A chicken egg. Egg.jpg
A chicken egg.

History

Chicken embryos as a research model

Human fascination with the chicken and its egg are so deeply rooted in history that it is hard to say exactly when avian exploration began. As early as 1400 BCE, ancient Egyptians artificially incubated chicken eggs to propagate their food supply. The developing chicken in the egg first appears in written history after catching the attention of the famous Greek philosopher, Aristotle, around 350 BCE. As Aristotle opened chicken eggs at various time points of incubation, he noted how the organism changed over time. Through his writing of Historia Animalium , he introduced some of the earliest studies of embryology based on his observations of the chicken in the egg.

Aristotle recognized significant similarities between human and chicken development. From his studies of the developing chick, he was able to correctly decipher the role of the placenta and umbilical cord in the human.

Chick research of the 16th century significantly modernized ideas about human physiology. European scientists, including Ulisse Aldrovandi, Volcher Cotier and William Harvey, used the chick to demonstrate tissue differentiation, disproving the widely held belief of the time that organisms are "preformed" in their adult version and only grow larger during development. Distinct tissue areas were recognized that grew and gave rise to specific structures, including the blastoderm, or chick origin. Harvey also closely watched the development of the heart and blood and was the first to note the directional flow of blood between veins and arteries. The relatively large size of the chick as a model organism allowed scientists during this time to make these significant observations without the help of a microscope.

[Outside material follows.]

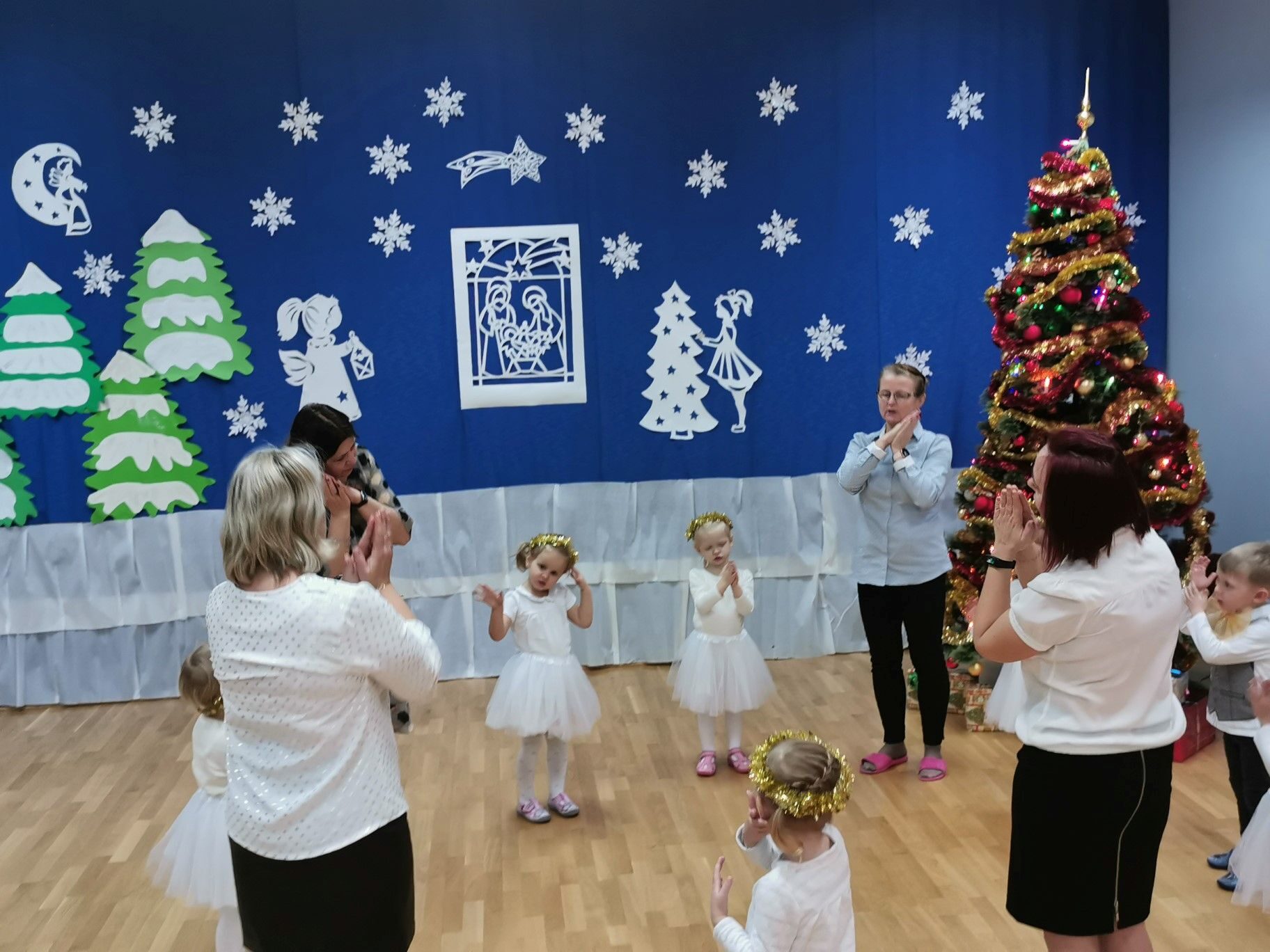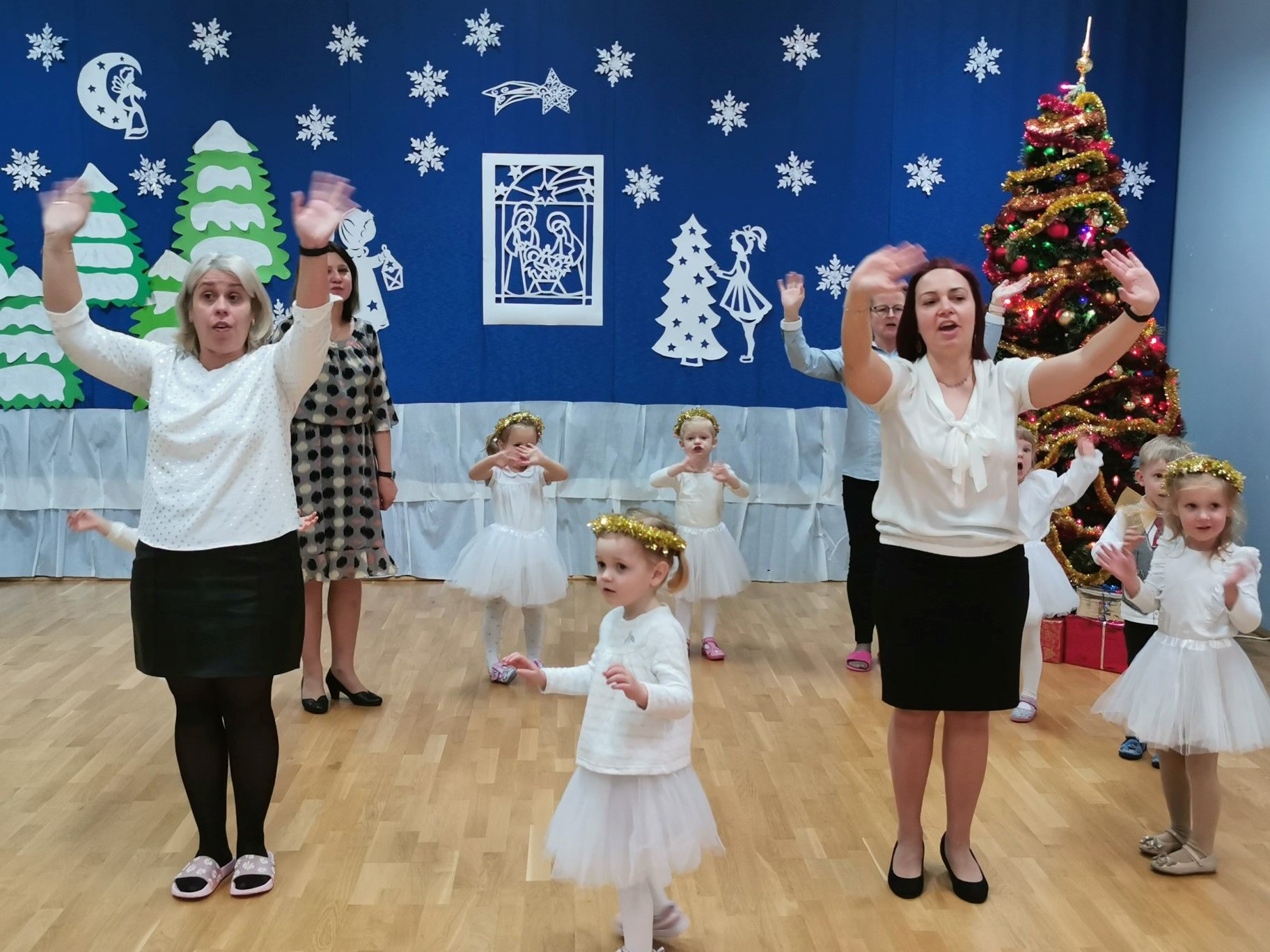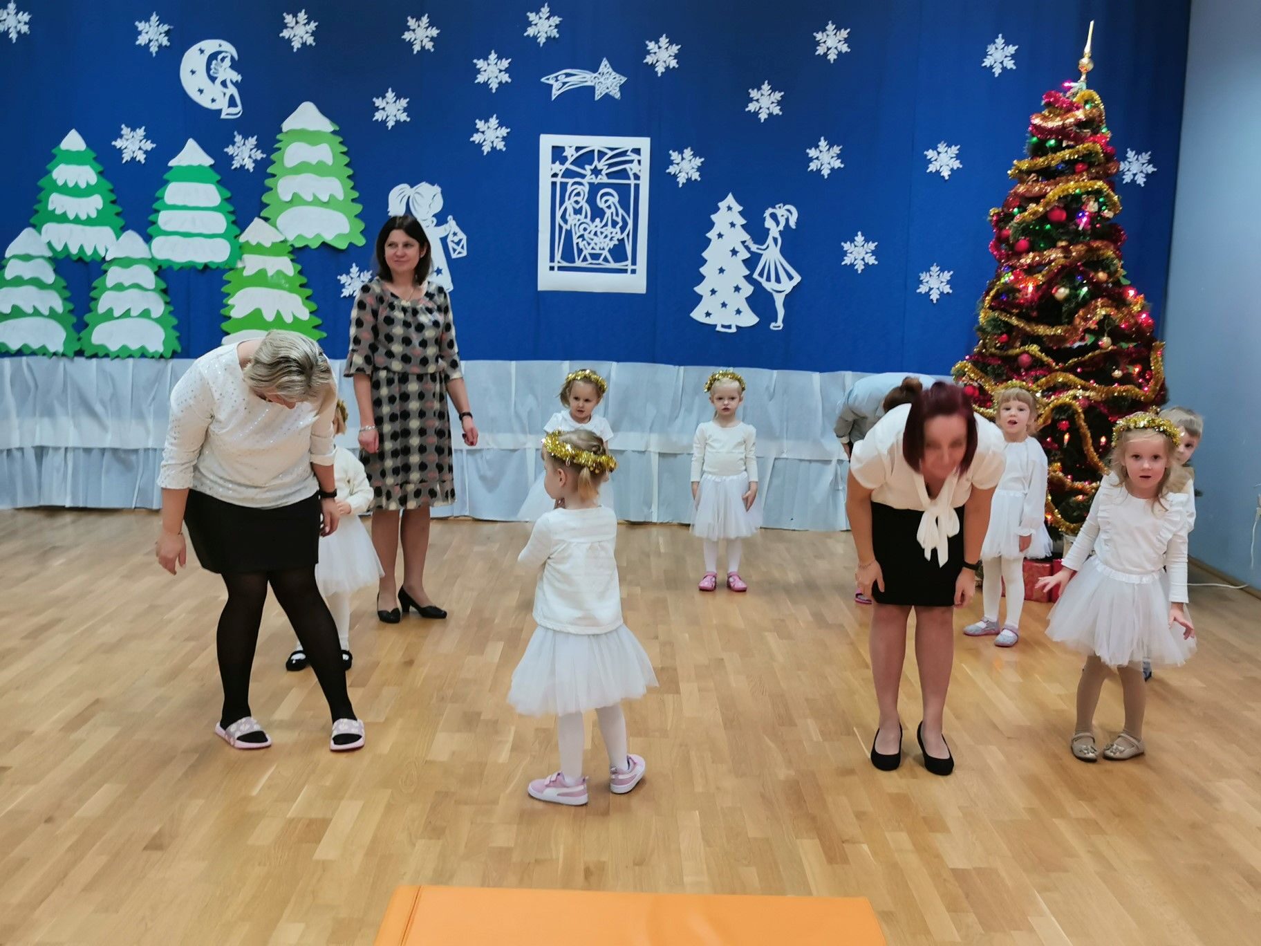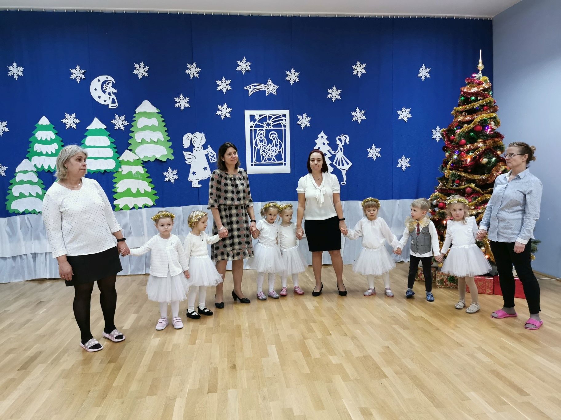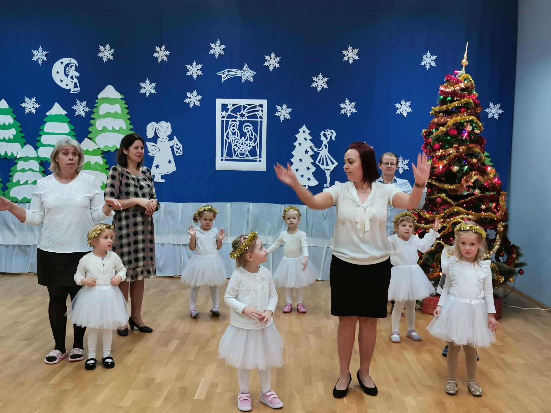Dnia 16. 12. 2021r. w naszym przedszkolu odbyła się uroczystość związana z obchodzeniem Świąt Bożego Narodzenia. Przedszkolaki w strojach galowych wzięły udział w “Koncercie Kolęd”. Dzieci śpiewały piękne polskie kolędy i pastorałki. Temu wydarzeniu towarzyszyła miła świąteczna atmosfera. Po części artystycznej w swoich salach wysłuchały fragmentu Pisma Świętego o  Narodzeniu Pana Jezusa. Ponadto rozdano dzieciom opłatek, złożono im świąteczne życzenia i zaproszono na Wigilijny poczęstunek przygotowany przez rodziców, za który serdecznie rodzicom dziękujemy.

Expanding use of the microscope coupled with a new technique in the late 18th century unveiled the developing chick for close-up examination. By cutting a hole in the eggshell and covering it with another piece of shell, scientists were able to look directly into the egg while it continued to develop without dehydration. Soon studies of the developing chick identified the three embryonic germ layers: ectoderm, mesoderm and endoderm, giving rise to the field of embryology.

Host versus graft response was first described in the chicken embryo. James Murphy (biologist) (1914) found that rat tissues that could not grow in adult chickens survived in the developing chick. In an immunocompetent animal, like the mature chicken, the host immune cells attack the foreign tissue. Since the immune system of the chick is not functional until about day 14 of incubation, foreign tissue can grow. Eventually, Murphy showed that the acceptance of tissue grafts was host-specific in immunologically competent animals. [1] [2]

Culturing virus was once technically difficult. In 1931, Ernest Goodpasture and Alice Miles Woodruff developed a new technique that used chicken eggs to propagate a pox virus. [3] Building on their success, the chick was used to isolate the mumps virus for vaccine development and it is still used to culture some viruses and parasites today.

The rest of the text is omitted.